Shocking Patriots scandal news: No news

Ex-video assistant Matt Walsh meets with Goodell, who learns ... nothing.

Published May 13, 2008 7:35PM (EDT)

Matt Walsh, the former New England Patriots video assistant who has already worn out his welcome on the world stage, met with commissioner Roger Goodell Tuesday to talk about the famous tapes of other teams' coaching signals, and the word from Goodell was that he learned nothing new.

Again. The main NFL headline has been "No new info in 'Spygate'" for about six weeks running, except for the minor interruption of the draft.

Goodell said that Walsh was in the stadium when the St. Louis Rams did their pre-Super Bowl walkthrough in February 2002, and that he reported what he saw, including information about how the Rams were lining up, to Patriots coaches.

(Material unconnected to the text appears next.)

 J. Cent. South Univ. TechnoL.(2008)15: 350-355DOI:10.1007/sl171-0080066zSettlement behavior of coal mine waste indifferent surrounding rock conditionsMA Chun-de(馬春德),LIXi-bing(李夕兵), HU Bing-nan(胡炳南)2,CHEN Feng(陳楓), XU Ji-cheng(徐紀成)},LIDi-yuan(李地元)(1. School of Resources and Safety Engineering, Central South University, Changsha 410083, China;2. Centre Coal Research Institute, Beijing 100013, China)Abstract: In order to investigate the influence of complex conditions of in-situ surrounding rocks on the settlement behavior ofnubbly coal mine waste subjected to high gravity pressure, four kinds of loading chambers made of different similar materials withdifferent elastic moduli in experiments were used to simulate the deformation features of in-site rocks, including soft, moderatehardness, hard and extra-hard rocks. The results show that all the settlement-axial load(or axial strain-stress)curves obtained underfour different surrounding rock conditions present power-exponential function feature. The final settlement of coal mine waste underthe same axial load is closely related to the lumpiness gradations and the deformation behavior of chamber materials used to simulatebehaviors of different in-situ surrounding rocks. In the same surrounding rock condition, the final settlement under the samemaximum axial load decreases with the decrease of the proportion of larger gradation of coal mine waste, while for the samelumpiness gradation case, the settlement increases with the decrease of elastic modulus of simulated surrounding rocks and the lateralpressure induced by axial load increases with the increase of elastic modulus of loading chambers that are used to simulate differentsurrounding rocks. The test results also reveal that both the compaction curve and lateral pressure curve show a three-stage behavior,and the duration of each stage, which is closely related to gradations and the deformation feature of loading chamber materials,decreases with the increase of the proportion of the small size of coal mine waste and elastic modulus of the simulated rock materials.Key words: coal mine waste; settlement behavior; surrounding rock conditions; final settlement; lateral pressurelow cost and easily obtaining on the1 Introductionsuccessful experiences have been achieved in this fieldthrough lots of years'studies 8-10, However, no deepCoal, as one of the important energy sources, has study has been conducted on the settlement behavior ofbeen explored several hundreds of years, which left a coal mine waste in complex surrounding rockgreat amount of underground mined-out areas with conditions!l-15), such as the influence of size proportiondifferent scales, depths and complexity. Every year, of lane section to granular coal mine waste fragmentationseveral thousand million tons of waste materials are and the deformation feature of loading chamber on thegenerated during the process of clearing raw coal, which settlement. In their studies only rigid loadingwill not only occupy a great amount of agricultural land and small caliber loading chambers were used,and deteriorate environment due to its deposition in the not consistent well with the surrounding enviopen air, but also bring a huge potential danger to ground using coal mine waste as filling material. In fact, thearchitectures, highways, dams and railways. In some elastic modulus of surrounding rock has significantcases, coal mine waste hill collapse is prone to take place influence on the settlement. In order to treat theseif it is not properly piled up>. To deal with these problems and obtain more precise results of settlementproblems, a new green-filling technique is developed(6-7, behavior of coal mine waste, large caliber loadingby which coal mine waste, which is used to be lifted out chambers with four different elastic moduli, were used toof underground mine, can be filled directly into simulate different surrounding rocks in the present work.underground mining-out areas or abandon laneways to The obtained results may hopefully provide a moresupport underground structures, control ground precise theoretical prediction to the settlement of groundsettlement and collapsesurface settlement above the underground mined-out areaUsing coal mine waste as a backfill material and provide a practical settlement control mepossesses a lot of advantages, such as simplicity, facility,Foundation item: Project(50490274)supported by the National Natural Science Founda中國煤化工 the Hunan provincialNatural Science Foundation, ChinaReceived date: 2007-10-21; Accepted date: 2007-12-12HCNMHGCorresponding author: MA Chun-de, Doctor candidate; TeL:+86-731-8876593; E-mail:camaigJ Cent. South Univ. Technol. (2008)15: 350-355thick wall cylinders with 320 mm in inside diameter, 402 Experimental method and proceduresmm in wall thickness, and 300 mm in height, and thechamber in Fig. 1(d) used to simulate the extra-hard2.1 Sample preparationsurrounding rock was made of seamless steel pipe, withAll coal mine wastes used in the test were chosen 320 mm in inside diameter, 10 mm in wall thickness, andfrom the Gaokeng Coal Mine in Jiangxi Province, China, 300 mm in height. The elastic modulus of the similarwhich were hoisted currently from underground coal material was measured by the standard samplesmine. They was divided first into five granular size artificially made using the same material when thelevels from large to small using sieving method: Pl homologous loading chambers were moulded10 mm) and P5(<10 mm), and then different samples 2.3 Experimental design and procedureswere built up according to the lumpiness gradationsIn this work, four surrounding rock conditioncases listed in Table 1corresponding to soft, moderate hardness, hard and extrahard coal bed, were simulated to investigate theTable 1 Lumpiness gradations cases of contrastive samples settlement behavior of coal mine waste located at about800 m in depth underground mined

But there is no videotape of the walk-through, as had been known since last week. The Boston Herald reported in February that such a video exists.

Walsh was off Tuesday afternoon to talk to Sen. Arlen Specter, R-Pa., so we'll really get to the bottom of this thing now. Specter is the senior Republican on the Senate Pointless Grandstanding About NFL Issues Committee.

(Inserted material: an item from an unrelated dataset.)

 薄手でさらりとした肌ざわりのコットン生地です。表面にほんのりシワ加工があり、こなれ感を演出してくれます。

Here's the bottom of this thing: The Patriots cheated. They taped opposing coaches' signals so they could decipher them. It's not against the rules to steal signals, but for some strange reason it's against the rules to use video to do that. So the Patriots broke the rules. For this, they were caught, docked a first-round draft choice and fined heavily in the scheme of what you and I consider money, not so heavily in the scheme of what an NFL franchise considers money.

This was over last fall. Betty Grable didn't have legs like this.

The Patriots taping affair has to be the most overhyped "scandal" in NFL history, and this is a league that has turned pantomimed mooning into a scandal. If this had happened 25 years ago, it would be thought of as colorful chicanery, not a dastardly deed. See what you get for never smiling, Bill Belichick?

The scandal has become a religious issue. You either believe that the great Patriots teams of the past seven years were a fraud, were only as good as they were because they had stolen the other teams' signals, or you don't, and no amount of evidence or lack of same is ever going to get you to change your mind.

My religion is that I don't believe it. The Pats may have stolen some signals. I would be very disappointed in any football or baseball team I root for that never stole any signals, or at least never tried.

The Patriots broke a rule to do it, but the rule strikes me as a technicality. When the crime isn't what you do -- steal signals that are being made in front of 75,000 people -- but how you do it -- with video, rather than pen and paper -- then we're talking details, not bedrock values. If the Patriots had taped something they weren't supposed to see in the first place, that would have been a different story, a case of the team gaining a real advantage it shouldn't have had access to.

Or maybe not. The Patriots didn't exactly prove themselves adept spies. The Associated Press reports that the footage Walsh turned over included several minutes of the San Diego Chargers cheerleaders performing. The Patriots are in the same division as the Miami Dolphins, and they're taping the Chargers cheerleaders?

And just to get this out of the way because religious affiliations in this matter tend to dovetail with team fandom: I am a person with no rooting interest in the Patriots, and I have every reason to want the Patriots' success to be illegitimate. I picked the Rams in that Super Bowl, and my two favorite teams, the Rams and the Oakland Raiders, were the two most spectacular victims of the early years of the Patriots rivalry.

The Tuck Rule: Now that's a scandal.